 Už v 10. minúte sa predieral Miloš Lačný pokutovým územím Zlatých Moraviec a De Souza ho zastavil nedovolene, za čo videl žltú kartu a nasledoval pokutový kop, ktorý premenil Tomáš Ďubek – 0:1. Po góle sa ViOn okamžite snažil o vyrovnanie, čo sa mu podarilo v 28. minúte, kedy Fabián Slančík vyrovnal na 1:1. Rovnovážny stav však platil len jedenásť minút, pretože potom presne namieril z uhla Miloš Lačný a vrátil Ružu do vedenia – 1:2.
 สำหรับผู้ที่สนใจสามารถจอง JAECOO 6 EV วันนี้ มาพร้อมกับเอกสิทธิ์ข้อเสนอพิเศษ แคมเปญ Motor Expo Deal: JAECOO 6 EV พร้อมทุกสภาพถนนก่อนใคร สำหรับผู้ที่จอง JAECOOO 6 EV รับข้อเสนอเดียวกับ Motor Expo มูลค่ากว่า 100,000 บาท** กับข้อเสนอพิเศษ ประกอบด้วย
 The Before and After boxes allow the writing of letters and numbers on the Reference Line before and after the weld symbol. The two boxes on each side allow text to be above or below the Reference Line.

--

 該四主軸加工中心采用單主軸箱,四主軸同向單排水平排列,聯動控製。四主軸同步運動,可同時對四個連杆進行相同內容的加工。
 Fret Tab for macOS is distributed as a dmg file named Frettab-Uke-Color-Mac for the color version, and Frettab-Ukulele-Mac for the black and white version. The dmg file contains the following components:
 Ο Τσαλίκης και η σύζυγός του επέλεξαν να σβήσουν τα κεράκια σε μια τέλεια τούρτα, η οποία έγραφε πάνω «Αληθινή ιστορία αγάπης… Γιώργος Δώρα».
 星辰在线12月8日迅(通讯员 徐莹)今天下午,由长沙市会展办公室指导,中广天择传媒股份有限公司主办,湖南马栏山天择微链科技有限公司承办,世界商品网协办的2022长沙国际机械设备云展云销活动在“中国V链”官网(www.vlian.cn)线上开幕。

▸ WHAT IS EXPECTED: Retype only the lines above between the line with "該四主軸加工中心采用單主軸箱" and the line with "Fret Tab for", counting those two lines as well, and keep every character as it is.

▸ ANSWER AREA:
 該四主軸加工中心采用單主軸箱,四主軸同向單排水平排列,聯動控製。四主軸同步運動,可同時對四個連杆進行相同內容的加工。
 Fret Tab for macOS is distributed as a dmg file named Frettab-Uke-Color-Mac for the color version, and Frettab-Ukulele-Mac for the black and white version. The dmg file contains the following components:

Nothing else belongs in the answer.